What you will do
Retype, please, the listing from its opening line through the line that contains "4月28日上午,針對媒體曝出", both included, without the pictures.

Start of Dataset extract

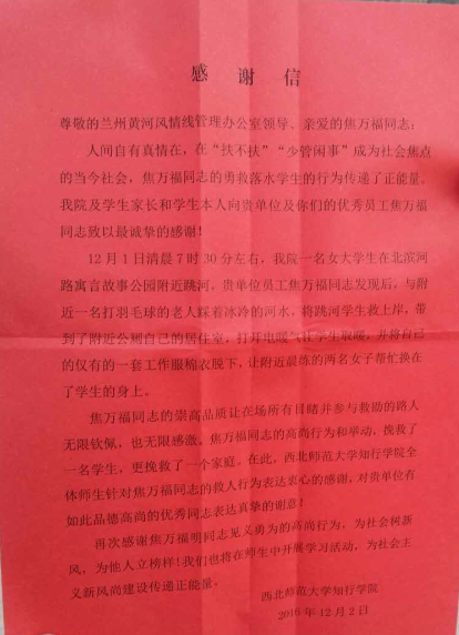 蘭州女大學(xué)生跳河輕生 城關(guān)物業(yè)保潔員冒險及時救人
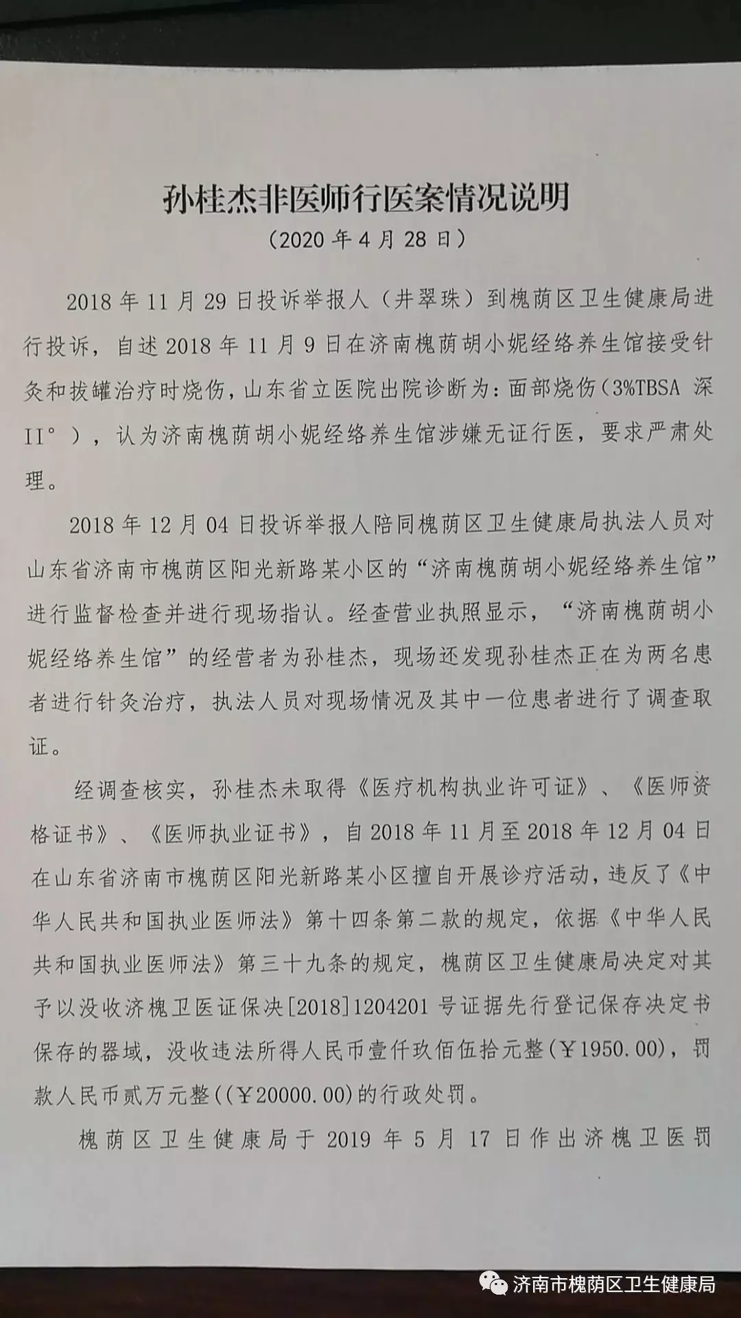 4月28日上午,針對媒體曝出「援鄂中醫返魯後被罰」一事,濟南槐蔭區衛生健康局回應稱,早在2018年便有群眾舉報,在孫桂傑(女)經營的「養生館」接受針灸拔罐時被燒傷,山東省立醫院出院診斷為:面部燒傷(3%TBSA 深II°)。後經查實,孫桂傑未取得相關證書擅自開展診療活動,於2019年5月22日被行政處罰。因其拒不履行,槐蔭區衛健局於今年1月2日向法院申請強制執行。3月23日,槐蔭區法院對「孫桂傑非醫師行醫案」准予強制執行。
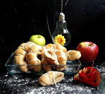 Совершенно нежные, ароматные и невесомые рогалики с фруктовой начинкой, и тонким ароматом корицы. В этот раз делала с яблоками и сливой. Очень вкусные и полезные рогалики. Сколько не съешь-много не бывает.
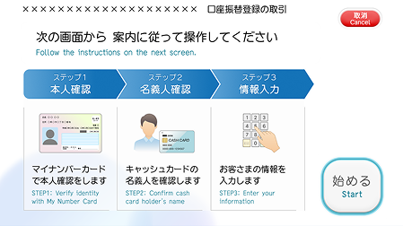 - ・お手続きにはご利用される金融機関のキャッシュカードと企業・団体が発行したQRコードが必要です。

End of Dataset extract

Expected answer
 蘭州女大學(xué)生跳河輕生 城關(guān)物業(yè)保潔員冒險及時救人
 4月28日上午,針對媒體曝出「援鄂中醫返魯後被罰」一事,濟南槐蔭區衛生健康局回應稱,早在2018年便有群眾舉報,在孫桂傑(女)經營的「養生館」接受針灸拔罐時被燒傷,山東省立醫院出院診斷為:面部燒傷(3%TBSA 深II°)。後經查實,孫桂傑未取得相關證書擅自開展診療活動,於2019年5月22日被行政處罰。因其拒不履行,槐蔭區衛健局於今年1月2日向法院申請強制執行。3月23日,槐蔭區法院對「孫桂傑非醫師行醫案」准予強制執行。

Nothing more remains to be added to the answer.